** Task instructions **
The response has to reproduce all entries exactly while excluding their pictures.

╔══

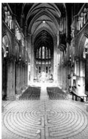
Figura 1: Catedral de Chartres

Talvez, o primeiro questionamento que deva ser feito, neste momento, refira-se à obliquidade engendrada entre a Maçonaria e a Igreja Católica. Nesse binômio de conjecturas, a Igreja ergueu, naquele momento histórico, monumentos colossais como, por exemplo, a Catedral de Chartres (vide figura 1), na França, em estilo gótico, com 167 vitrais, que levou 100 anos para ser concluída, em 1260; isso, certamente, demonstra a riqueza e o poder do clero. As grandes catedrais construídas, a partir do século XI, vieram de uma crença que situava a presença de Deus nos edifícios. (NOBRE, 2007).
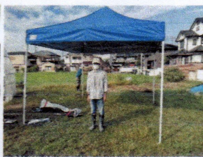
イベント用テント
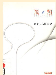
請求記号 K 589

ベビー用品でおなじみのコンビ。高度成長期の日本の住宅事情に合わせた、安全で快適なベビー椅子「コンビラック」で急成長を遂げました。そんなコンビ50年の歴史をたどるとともに、ベビー用品開発の移り変わりを見ることができます。「赤ちゃんを育てることが、楽しく幸せだと思える社会をつくる」をブランドビジョンに掲げるコンビ。時代の流れをよみ、トレンドをうみだすヒントを知ることができる一冊です。
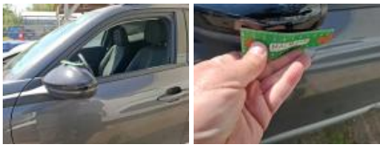
Porte AVG, Bosse(s) et griffe(s), LI - Réparer et peindre (complet)
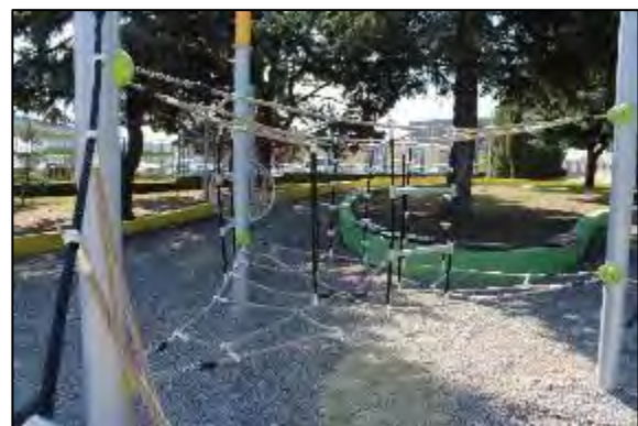
Obr. 5 Opičia lanová dráha ŠZA
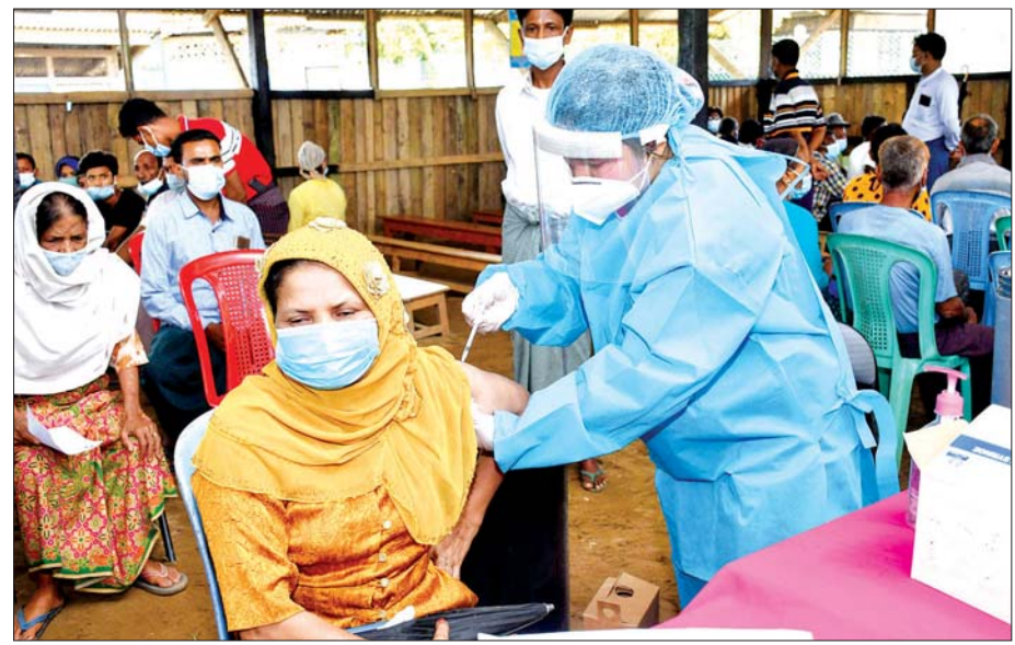
နေရပ်စွန့်ခွာစခန်း(IDPs)များတွင် ခိုလှုံနေသူများအား ကာကွယ်ဆေးထိုးနှံပေးစဉ်။

၆၀၀ အတွက် ထိုးနှံပေးဖို့ စီစဉ်ထားပါတယ်။ ကျေးရွာစာသင်ကျောင်းမှာ လူဦးရေ ၃၀၀ နဲ့ ဘောဇူဖ(၁)စခန်းမှာ လူဦးရေ ၃၀၀ ထိုးနှံပေးဖို့ စီစဉ်ထားပါတယ်။ ဆေးထိုးဖို့လာရောက်တဲ့လူအရေ အတွက်အပေါ်မူတည်ပြီးတော့ ထိုးနှံပေးဖို့စီစဉ်ထား ပါတယ်။ အခုလိုမျိုးပေါ့ ကာကွယ်ဆေးတွေကို ကျွန်တော်တို့ စခန်းတွေ၊ ကျေးရွာတွေအထိ လာပြီး တော့ ထိုးနှံပေးတဲ့ ကျန်းမာရေးဝန်ထမ်းတွေ၊ တပ်မတော်က ဆေးဝန်ထမ်းတွေနဲ့ ကာကွယ်ဆေး ထိုးနှံနိုင်ဖို့ စီစဉ်ပေးတဲ့ နိုင်ငံတော်အစိုးရကို လည်း အထူးကျေးဇူးတင်ရှိကြောင်း ပြောကြားလို ပါတယ်”ဟု ပြောသည်။
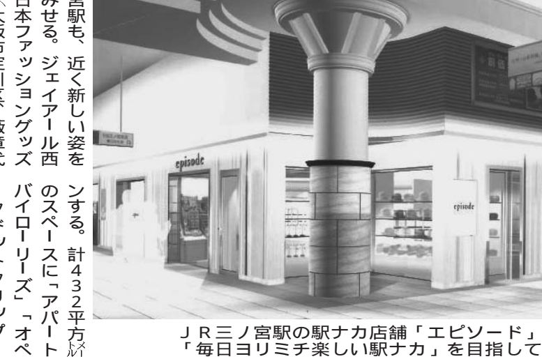
「JR三宮駅の駅ナカ店舗「エピソード」の完成イメージ。毎日ヨリミチ楽しい駅ナカ」を目指して整備が進んでいる

神戸市は「JR三宮駅」を13年度内にまとめた「駅前再整備事業検討会」を設け、2013年度予算には1300万円を計上し、06年から勉強会という形でJR西日本と市が意見交換していたのを、今年度から検討会に格上げ。駅ビルの建て替えも含めて、コンコースや駅前広場など駅前の共有スペースの再整備の仕方について検討する。現状の人の流れなどを調査し、検討に生かす計画だ。神戸市の担当者は「JR西日本と協調して適切な再整備ができるよう検討したい」と話す。一方、神戸産業界も三宮周辺の再開発について構想をまとめる動きがある。神戸商工会議所、神戸経済同友会、神戸青年会議所は共同で、12年度に「神戸海都市づくり研究会」を設けており、都市づくり全般について調査研究してきたことをベースに、神戸商工会議所は、三宮駅周辺の活性化策(第一次
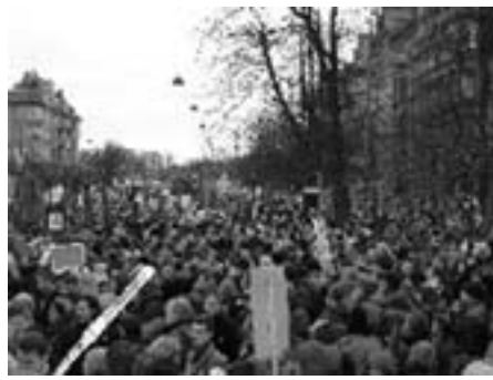
15. februar 2003 Største demonstration nogensinde foran den amerikanske ambassade på den globale aktionsdag. En ny verdensbevægelse manifesterede sig.
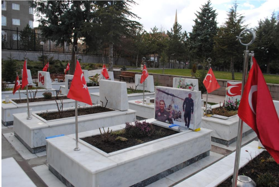
Fotoğraf 10: Yakınların mezarlıklara katkılarından bir görünümün (Ocak 2013).
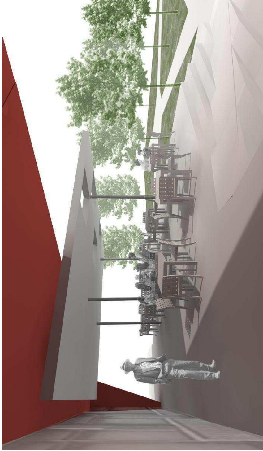
POGLED NA 2. FAZO UREDITIVNE TERASE IZPRED VHODA V KULTURNI DOM
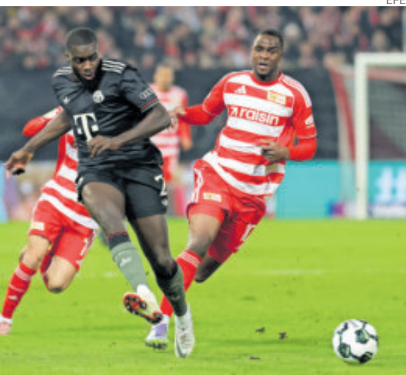
Bayern Múnich sudó frío al final del encuentro.

Resultados de la Copa Alemana: Bochum 0-2 Stuttgart; Friburgo 2-0 Darmstadt; Hamburgo 1-1 Holstein Kiel (2-4); Unión Berlín 2-3 Bayern Múnich.
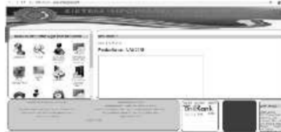
Gambar 1. Halaman Login pada SIAKAD

Link utama Sistem Informasi Akademik (SIKAD) dapat diakses melalui alamat www.siakad.umb.ac.id maupun link IP Publik http://163.53.187.xxx/umb/ .
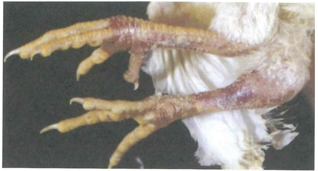
写真3. 脚部の皮下出血（真瀬昌司・谷村信彦原画）
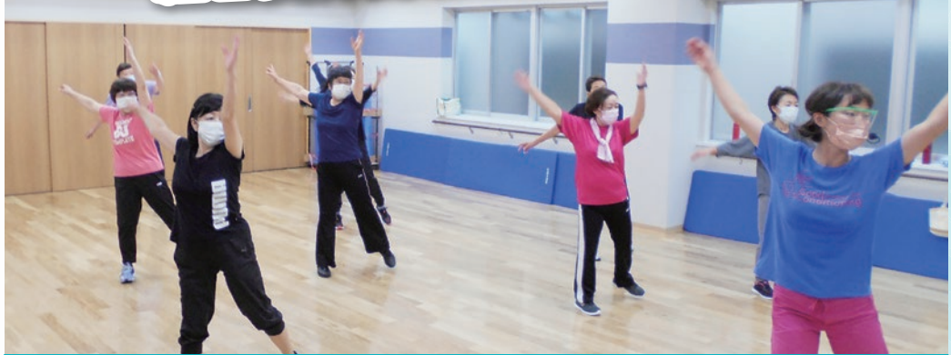
一例 スタジオプログラム 10月19日~24日 各回定員10名
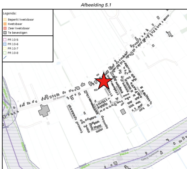
Uitsnede risicokaart Externe Veiligheid

In onderstaande afbeelding (5.1) is een uitsnede zichtbaar van de kaart Externe Veiligheid van de Atlas voor de leefomgeving. Hierin is het plangebied met een rode ster aangeduid.
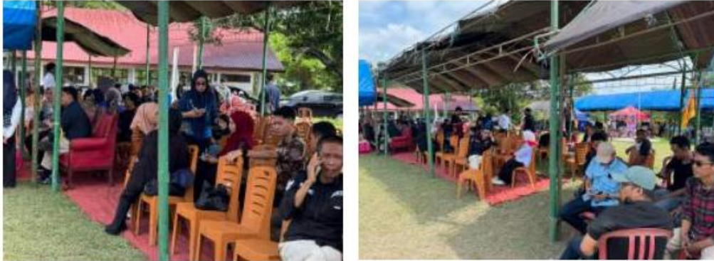
Gambar 1. Pelaksanaan Kegiatan

pemuda. Upaya ini bertujuan menciptakan ekosistem wirausaha yang saling terhubung, di mana pemuda dapat bertukar pengalaman, mendapatkan dukungan, dan membangun jejaring usaha bersama. Selain itu, program ini juga memfasilitasi akses permodalan, baik melalui koperasi pemuda, lembaga keuangan mikro, maupun kolaborasi dengan pemerintah daerah dan sektor swasta. Akses modal yang memadai memungkinkan pemuda untuk mengembangkan bisnis rintisan dan meningkatkan skala produksi.

╚══

** Response to this exercise **
Figura 1: Catedral de Chartres

Talvez, o primeiro questionamento que deva ser feito, neste momento, refira-se à obliquidade engendrada entre a Maçonaria e a Igreja Católica. Nesse binômio de conjecturas, a Igreja ergueu, naquele momento histórico, monumentos colossais como, por exemplo, a Catedral de Chartres (vide figura 1), na França, em estilo gótico, com 167 vitrais, que levou 100 anos para ser concluída, em 1260; isso, certamente, demonstra a riqueza e o poder do clero. As grandes catedrais construídas, a partir do século XI, vieram de uma crença que situava a presença de Deus nos edifícios. (NOBRE, 2007).
イベント用テント
請求記号 K 589

ベビー用品でおなじみのコンビ。高度成長期の日本の住宅事情に合わせた、安全で快適なベビー椅子「コンビラック」で急成長を遂げました。そんなコンビ50年の歴史をたどるとともに、ベビー用品開発の移り変わりを見ることができます。「赤ちゃんを育てることが、楽しく幸せだと思える社会をつくる」をブランドビジョンに掲げるコンビ。時代の流れをよみ、トレンドをうみだすヒントを知ることができる一冊です。
Porte AVG, Bosse(s) et griffe(s), LI - Réparer et peindre (complet)
Obr. 5 Opičia lanová dráha ŠZA
နေရပ်စွန့်ခွာစခန်း(IDPs)များတွင် ခိုလှုံနေသူများအား ကာကွယ်ဆေးထိုးနှံပေးစဉ်။

၆၀၀ အတွက် ထိုးနှံပေးဖို့ စီစဉ်ထားပါတယ်။ ကျေးရွာစာသင်ကျောင်းမှာ လူဦးရေ ၃၀၀ နဲ့ ဘောဇူဖ(၁)စခန်းမှာ လူဦးရေ ၃၀၀ ထိုးနှံပေးဖို့ စီစဉ်ထားပါတယ်။ ဆေးထိုးဖို့လာရောက်တဲ့လူအရေ အတွက်အပေါ်မူတည်ပြီးတော့ ထိုးနှံပေးဖို့စီစဉ်ထား ပါတယ်။ အခုလိုမျိုးပေါ့ ကာကွယ်ဆေးတွေကို ကျွန်တော်တို့ စခန်းတွေ၊ ကျေးရွာတွေအထိ လာပြီး တော့ ထိုးနှံပေးတဲ့ ကျန်းမာရေးဝန်ထမ်းတွေ၊ တပ်မတော်က ဆေးဝန်ထမ်းတွေနဲ့ ကာကွယ်ဆေး ထိုးနှံနိုင်ဖို့ စီစဉ်ပေးတဲ့ နိုင်ငံတော်အစိုးရကို လည်း အထူးကျေးဇူးတင်ရှိကြောင်း ပြောကြားလို ပါတယ်”ဟု ပြောသည်။
「JR三宮駅の駅ナカ店舗「エピソード」の完成イメージ。毎日ヨリミチ楽しい駅ナカ」を目指して整備が進んでいる

神戸市は「JR三宮駅」を13年度内にまとめた「駅前再整備事業検討会」を設け、2013年度予算には1300万円を計上し、06年から勉強会という形でJR西日本と市が意見交換していたのを、今年度から検討会に格上げ。駅ビルの建て替えも含めて、コンコースや駅前広場など駅前の共有スペースの再整備の仕方について検討する。現状の人の流れなどを調査し、検討に生かす計画だ。神戸市の担当者は「JR西日本と協調して適切な再整備ができるよう検討したい」と話す。一方、神戸産業界も三宮周辺の再開発について構想をまとめる動きがある。神戸商工会議所、神戸経済同友会、神戸青年会議所は共同で、12年度に「神戸海都市づくり研究会」を設けており、都市づくり全般について調査研究してきたことをベースに、神戸商工会議所は、三宮駅周辺の活性化策(第一次
15. februar 2003 Største demonstration nogensinde foran den amerikanske ambassade på den globale aktionsdag. En ny verdensbevægelse manifesterede sig.
Fotoğraf 10: Yakınların mezarlıklara katkılarından bir görünümün (Ocak 2013).
POGLED NA 2. FAZO UREDITIVNE TERASE IZPRED VHODA V KULTURNI DOM
Bayern Múnich sudó frío al final del encuentro.

Resultados de la Copa Alemana: Bochum 0-2 Stuttgart; Friburgo 2-0 Darmstadt; Hamburgo 1-1 Holstein Kiel (2-4); Unión Berlín 2-3 Bayern Múnich.
Gambar 1. Halaman Login pada SIAKAD

Link utama Sistem Informasi Akademik (SIKAD) dapat diakses melalui alamat www.siakad.umb.ac.id maupun link IP Publik http://163.53.187.xxx/umb/ .
写真3. 脚部の皮下出血（真瀬昌司・谷村信彦原画）
一例 スタジオプログラム 10月19日~24日 各回定員10名
Uitsnede risicokaart Externe Veiligheid

In onderstaande afbeelding (5.1) is een uitsnede zichtbaar van de kaart Externe Veiligheid van de Atlas voor de leefomgeving. Hierin is het plangebied met een rode ster aangeduid.
Gambar 1. Pelaksanaan Kegiatan

pemuda. Upaya ini bertujuan menciptakan ekosistem wirausaha yang saling terhubung, di mana pemuda dapat bertukar pengalaman, mendapatkan dukungan, dan membangun jejaring usaha bersama. Selain itu, program ini juga memfasilitasi akses permodalan, baik melalui koperasi pemuda, lembaga keuangan mikro, maupun kolaborasi dengan pemerintah daerah dan sektor swasta. Akses modal yang memadai memungkinkan pemuda untuk mengembangkan bisnis rintisan dan meningkatkan skala produksi.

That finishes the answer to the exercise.